**Dataset items:**
######

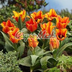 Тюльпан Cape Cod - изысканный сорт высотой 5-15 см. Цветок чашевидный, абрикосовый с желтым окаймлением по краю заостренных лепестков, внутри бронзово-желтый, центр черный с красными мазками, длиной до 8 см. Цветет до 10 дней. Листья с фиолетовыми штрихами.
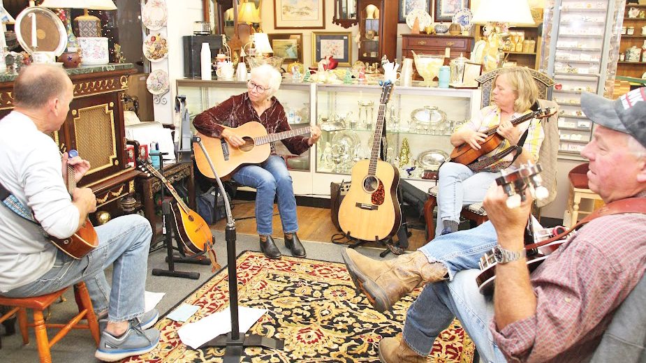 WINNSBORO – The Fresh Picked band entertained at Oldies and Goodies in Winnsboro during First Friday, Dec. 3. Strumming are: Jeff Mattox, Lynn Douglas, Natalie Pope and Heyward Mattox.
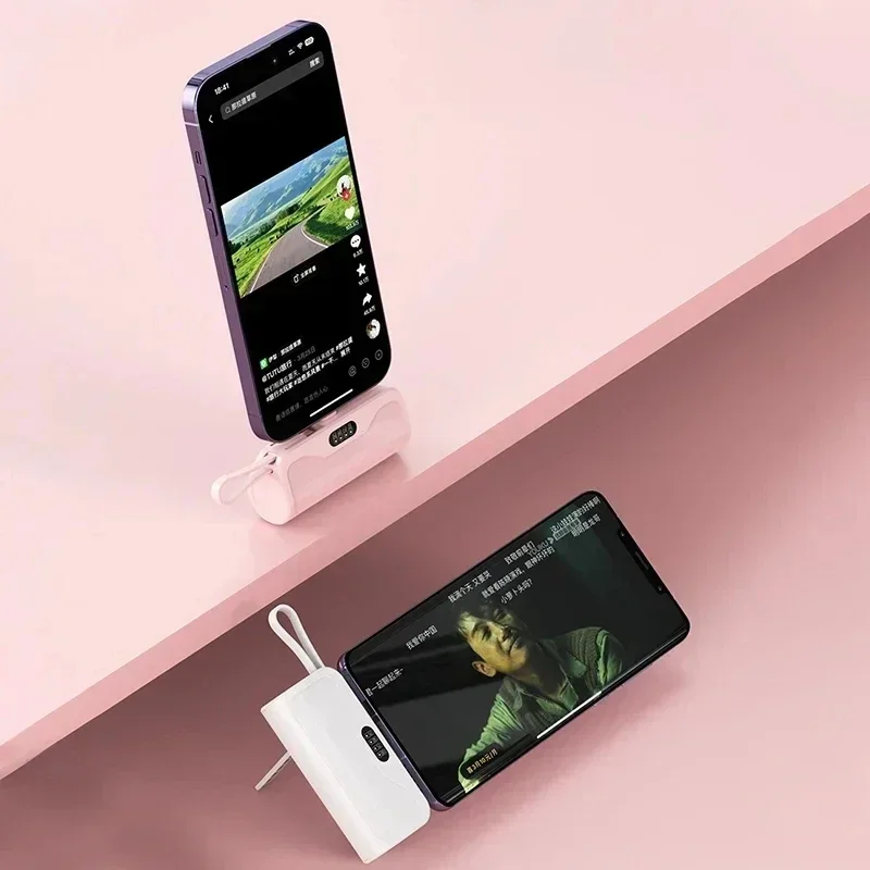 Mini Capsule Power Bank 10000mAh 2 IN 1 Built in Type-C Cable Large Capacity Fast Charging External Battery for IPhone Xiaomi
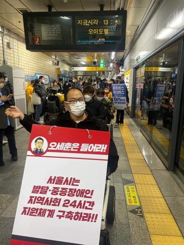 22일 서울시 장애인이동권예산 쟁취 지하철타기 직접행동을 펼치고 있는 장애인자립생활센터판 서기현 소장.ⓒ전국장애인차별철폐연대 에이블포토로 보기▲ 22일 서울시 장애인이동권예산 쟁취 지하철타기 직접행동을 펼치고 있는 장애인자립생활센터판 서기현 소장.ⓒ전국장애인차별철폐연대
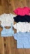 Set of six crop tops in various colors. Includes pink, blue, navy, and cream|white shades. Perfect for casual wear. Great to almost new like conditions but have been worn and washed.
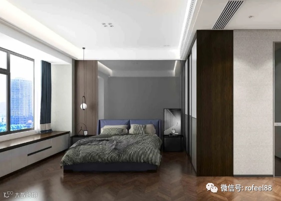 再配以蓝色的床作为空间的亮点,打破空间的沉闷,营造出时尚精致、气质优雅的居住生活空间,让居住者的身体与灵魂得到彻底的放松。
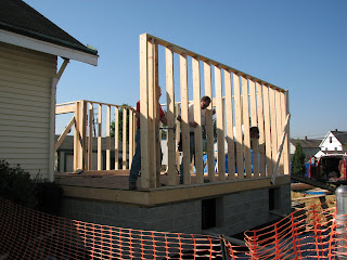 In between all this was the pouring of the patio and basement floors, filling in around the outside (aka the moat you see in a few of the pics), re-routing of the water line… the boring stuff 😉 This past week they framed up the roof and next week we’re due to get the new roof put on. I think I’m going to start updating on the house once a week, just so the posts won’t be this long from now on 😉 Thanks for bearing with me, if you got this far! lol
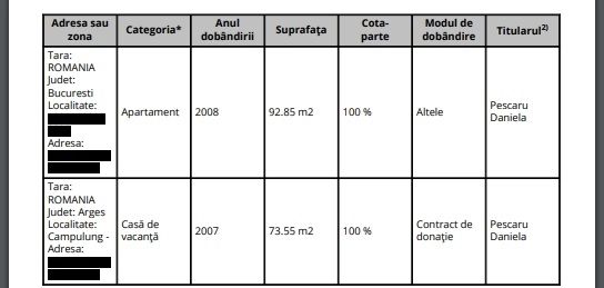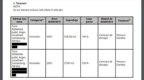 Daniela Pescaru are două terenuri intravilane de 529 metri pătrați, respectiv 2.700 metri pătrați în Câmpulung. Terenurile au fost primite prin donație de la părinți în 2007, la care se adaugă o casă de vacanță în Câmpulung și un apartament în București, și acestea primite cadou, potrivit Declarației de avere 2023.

######

**Your assignment:**
Could you retype every line above exactly as it appears, skipping the pictures?

**Exercise output:**
 Тюльпан Cape Cod - изысканный сорт высотой 5-15 см. Цветок чашевидный, абрикосовый с желтым окаймлением по краю заостренных лепестков, внутри бронзово-желтый, центр черный с красными мазками, длиной до 8 см. Цветет до 10 дней. Листья с фиолетовыми штрихами.
 WINNSBORO – The Fresh Picked band entertained at Oldies and Goodies in Winnsboro during First Friday, Dec. 3. Strumming are: Jeff Mattox, Lynn Douglas, Natalie Pope and Heyward Mattox.
 Mini Capsule Power Bank 10000mAh 2 IN 1 Built in Type-C Cable Large Capacity Fast Charging External Battery for IPhone Xiaomi
 22일 서울시 장애인이동권예산 쟁취 지하철타기 직접행동을 펼치고 있는 장애인자립생활센터판 서기현 소장.ⓒ전국장애인차별철폐연대 에이블포토로 보기▲ 22일 서울시 장애인이동권예산 쟁취 지하철타기 직접행동을 펼치고 있는 장애인자립생활센터판 서기현 소장.ⓒ전국장애인차별철폐연대
 Set of six crop tops in various colors. Includes pink, blue, navy, and cream|white shades. Perfect for casual wear. Great to almost new like conditions but have been worn and washed.
 再配以蓝色的床作为空间的亮点,打破空间的沉闷,营造出时尚精致、气质优雅的居住生活空间,让居住者的身体与灵魂得到彻底的放松。
 In between all this was the pouring of the patio and basement floors, filling in around the outside (aka the moat you see in a few of the pics), re-routing of the water line… the boring stuff 😉 This past week they framed up the roof and next week we’re due to get the new roof put on. I think I’m going to start updating on the house once a week, just so the posts won’t be this long from now on 😉 Thanks for bearing with me, if you got this far! lol
 Daniela Pescaru are două terenuri intravilane de 529 metri pătrați, respectiv 2.700 metri pătrați în Câmpulung. Terenurile au fost primite prin donație de la părinți în 2007, la care se adaugă o casă de vacanță în Câmpulung și un apartament în București, și acestea primite cadou, potrivit Declarației de avere 2023.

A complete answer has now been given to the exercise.